Exercise requirements
Leave out all pictures. Return exactly the lines from the top of the material through the line containing "원 | 보통주·우선주 |".

Data for this exercise
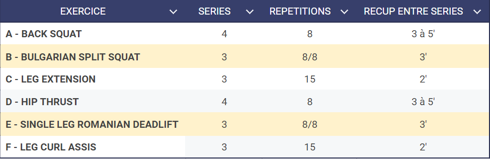 Voici un exemple de séance que j'ai l'habitude d'appliquer pour le bas du corps
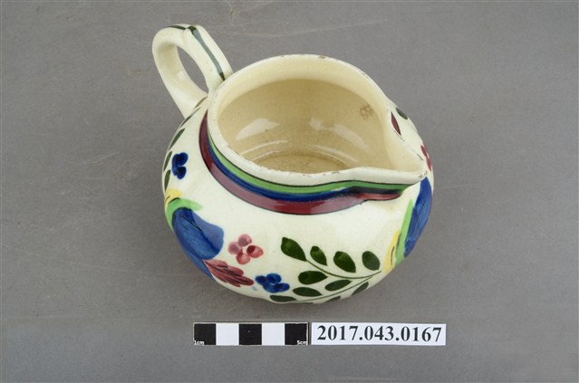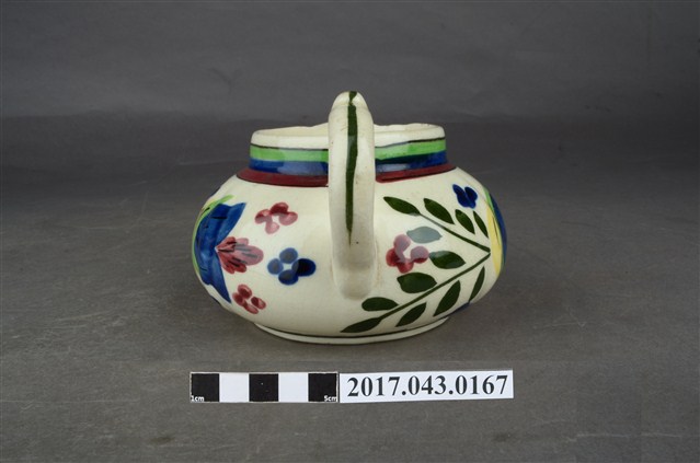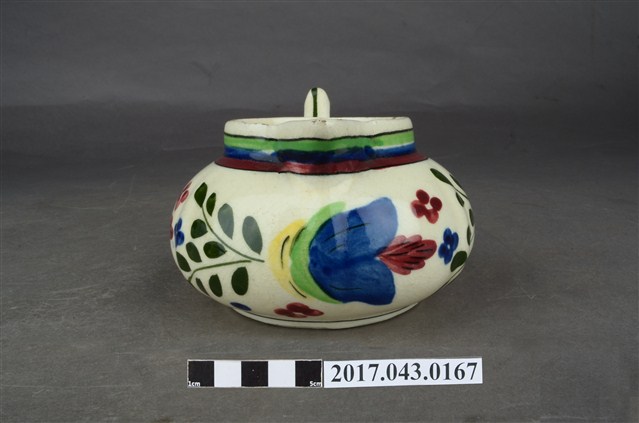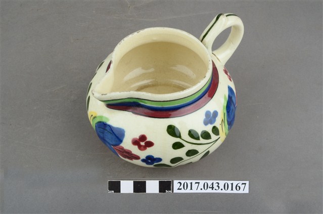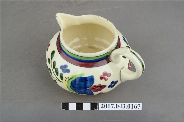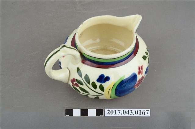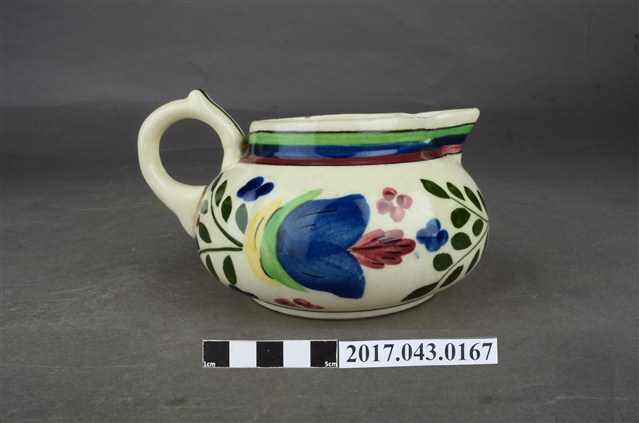 1.本件彩繪花卉紋奶罐原為陳澄波先生收藏品(陳澄波基金會原始編號RE155_01),由其長子陳重光先生捐贈給臺灣歷史博物館。廣口帶流,口呈圓形,流為尖角狀,短直頸,器腹呈扁圓形,帶有圈把,平底,底有圈足。全器施白釉,略帶牙黃色調,足底露胎,內器壁素面無紋,釉面開片,外器壁頸部飾綠、藍、紅三圈寬橫紋,腹部彩繪花卉紋飾,把中央與圈足上方各飾一道綠色細線紋,杯底印有彩帶圖樣和「MADE IN JAPAN」字樣。2.本件用途為盛裝牛奶供倒入咖啡或茶中混合飲用,另外也可以作為醬汁罐或油罐來使用,為當時所稱的洋食器,可能是昭和時期萬古製品。
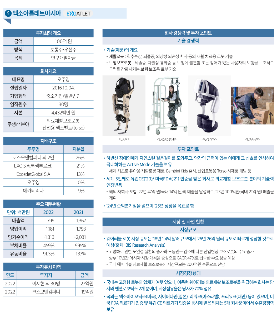 | 5 | 엑소아틀레트아시아 | 의료재활 보조로봇, 산업용 엑소벨트 | 100억 원 | 보통주·우선주 |
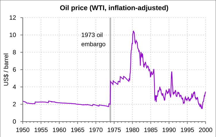 Figure 1: The price of oil adjusted for inflation at 1947 prices (West Texas Intermediate)
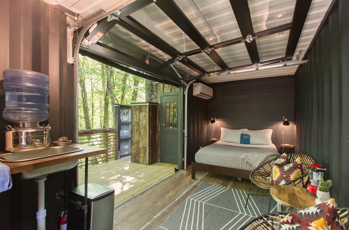 *4x4 or AWD only* This modern, dog friendly retreat is a converted shipping container situated on our 125 acre mountain top forestry management land that backs up to Pisgah National Forest. Enjoy all the best hikes on the Blue Ridge Parkway just 4 miles away and then head 25 minutes into Asheville for all its amazing food, music, and beer. We provide the luxury of electricity, heat and air conditioning, with a little taste of being off grid with an outhouse and an outdoor solar shower bag.
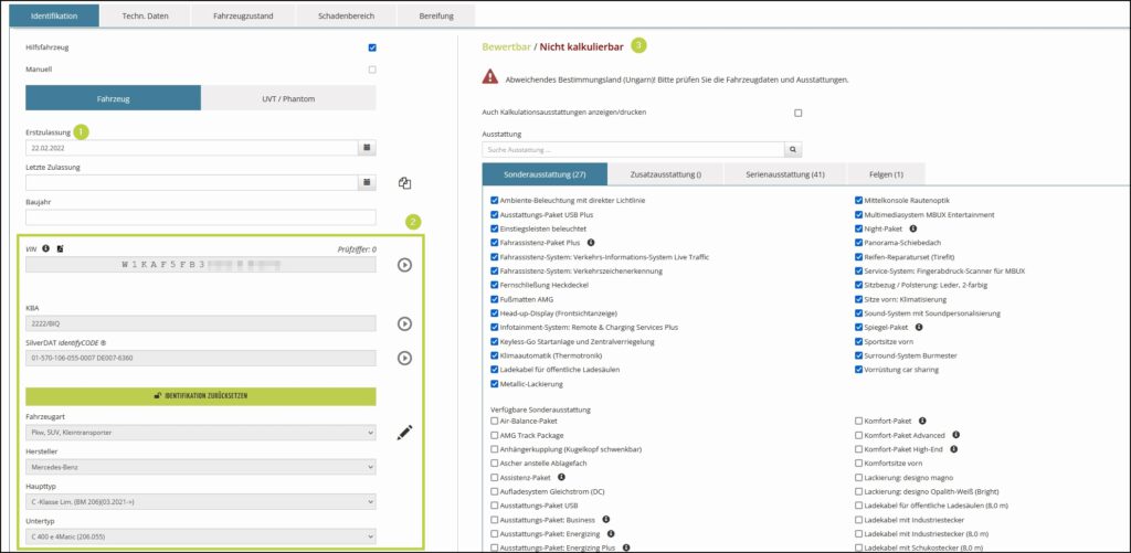 - Identifizieren Sie das Fahrzeug per VIN, KBA, SilverDAT identifyCODE oder manuell.
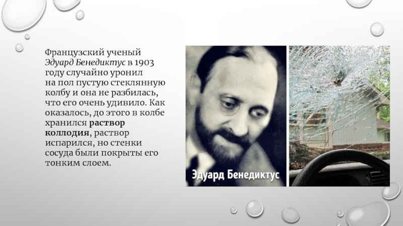 Слайд 19Французский ученый Эдуард Бенедиктус в 1903 году случайно уронил на пол пустую

Exercise result
 Voici un exemple de séance que j'ai l'habitude d'appliquer pour le bas du corps
 1.本件彩繪花卉紋奶罐原為陳澄波先生收藏品(陳澄波基金會原始編號RE155_01),由其長子陳重光先生捐贈給臺灣歷史博物館。廣口帶流,口呈圓形,流為尖角狀,短直頸,器腹呈扁圓形,帶有圈把,平底,底有圈足。全器施白釉,略帶牙黃色調,足底露胎,內器壁素面無紋,釉面開片,外器壁頸部飾綠、藍、紅三圈寬橫紋,腹部彩繪花卉紋飾,把中央與圈足上方各飾一道綠色細線紋,杯底印有彩帶圖樣和「MADE IN JAPAN」字樣。2.本件用途為盛裝牛奶供倒入咖啡或茶中混合飲用,另外也可以作為醬汁罐或油罐來使用,為當時所稱的洋食器,可能是昭和時期萬古製品。
 | 5 | 엑소아틀레트아시아 | 의료재활 보조로봇, 산업용 엑소벨트 | 100억 원 | 보통주·우선주 |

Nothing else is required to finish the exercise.